Helping Teens Establish Good Social Media Habits

Adolescence is both a time of critical brain development and high social media use. Adolescent brains are going through the most development and reorganization, second only to infancy, making them more susceptible to environmental influences. As a result, many doctors and parents wonder how social media will impact this generation. In today’s blog we examine the results from two recent studies examining social media use among adolescents and how caregivers can help teens establish healthy boundaries around their social media use.

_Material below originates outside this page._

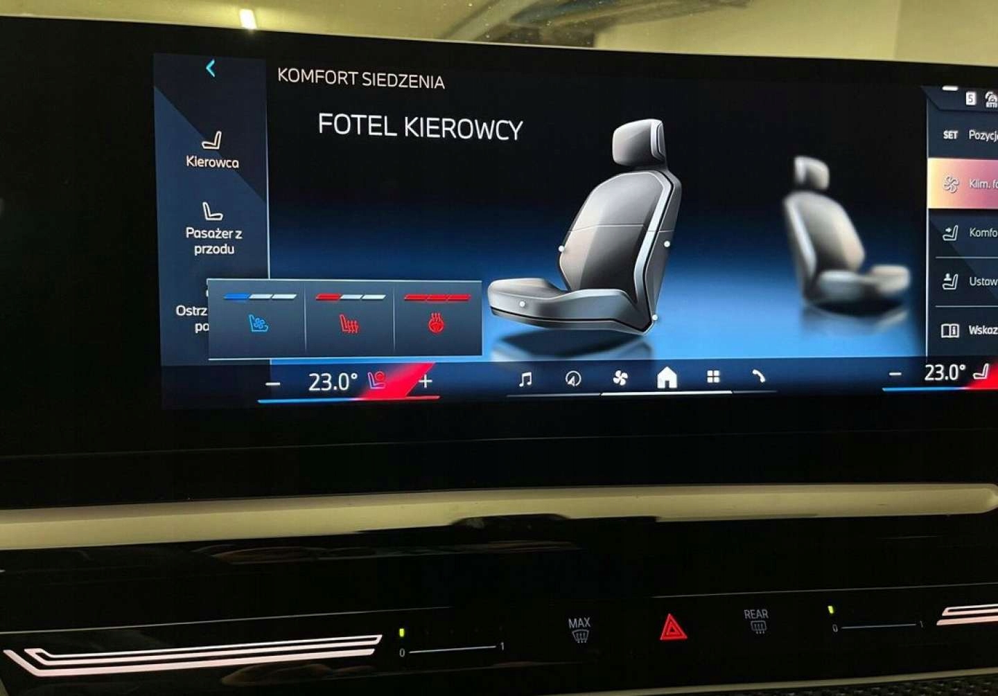 ABS, Asystent parkowania, Asystent pasa ruchu, Czujnik deszczu, Czujniki parkowania tylne, Isofix, Kamera cofania, Poduszka powietrzna kierowcy, Poduszka powietrzna pasażera, Poduszki boczne przednie, Poduszki boczne tylne, Elektrycznie ustawiane lusterka, Podgrzewane lusterka boczne, Podgrzewane przednie siedzenia, Tapicerka tekstylna, Wielofunkcyjna kierownica, Wspomaganie kierownicy, Gniazdo USB, Alufelgi, Elektrochromatyczne lusterka boczne, Tempomat

A new study published this month in JAMA Pediatrics shows that frequent use of social media is reshaping how adolescents’ brains develop. The study conducted at the University of North Carolina at Chapel Hill is one of the first long-term studies on adolescent neural development and technology use. Researchers, using annual brain scans over a three year period, discovered that, for youth who habitually check their social media, the brain is changing in a way that is becoming more and more sensitive to social feedback over time. Social media is filled with ways to get feedback from peers, whether it is through the excitement of a like on a post or criticism from a mean comment. Researchers noted that it’s not clear whether greater sensitivity to social consequences is a good or bad thing. For example, it could lead to anxiety and/or compulsive behaviors, but it could also lead to a neural change that allows teens to adapt and better navigate an increasingly digital world. Either way, social media is rewiring our children’s brains.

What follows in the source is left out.